PROBLEM:
Please transcribe the data below in full, word for word, without the images.

SUPPLIED MATERIAL:
++++
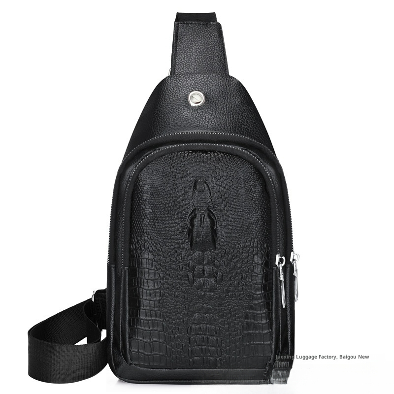 001 2023 New Men's Crocodile Pattern Trendy Fashion Casual Crossbody PU Sports Versatile Lightweight Front Chest Bag
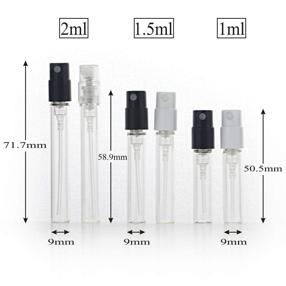 1ml 1.5ml 2ml Mini Fine Mist Spray Glass Perfume Bottle Small Size Travel Use Disposable Empty Clear Glass Perfume Sample Vials
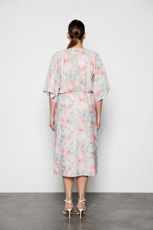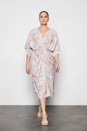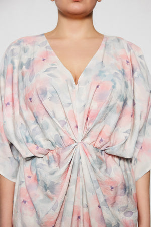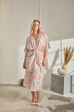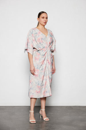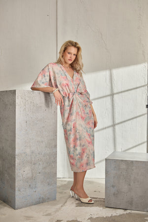 The UTICA V-Neck Printed Midi Plus Size Dress blends elegance and comfort, making it a standout among women’s plus size dress options. Featuring a flattering V-neckline and a front pleated knot detail, this design adds graceful movement and visual interest. The three-quarter sleeves offer a modern touch, while the asymmetric hem creates a dynamic, flowing silhouette. Its linen-blend fabric delivers a naturally breathable and refreshing feel.
++++
SOLUTION TO THE PROBLEM:
 001 2023 New Men's Crocodile Pattern Trendy Fashion Casual Crossbody PU Sports Versatile Lightweight Front Chest Bag
 1ml 1.5ml 2ml Mini Fine Mist Spray Glass Perfume Bottle Small Size Travel Use Disposable Empty Clear Glass Perfume Sample Vials
 The UTICA V-Neck Printed Midi Plus Size Dress blends elegance and comfort, making it a standout among women’s plus size dress options. Featuring a flattering V-neckline and a front pleated knot detail, this design adds graceful movement and visual interest. The three-quarter sleeves offer a modern touch, while the asymmetric hem creates a dynamic, flowing silhouette. Its linen-blend fabric delivers a naturally breathable and refreshing feel.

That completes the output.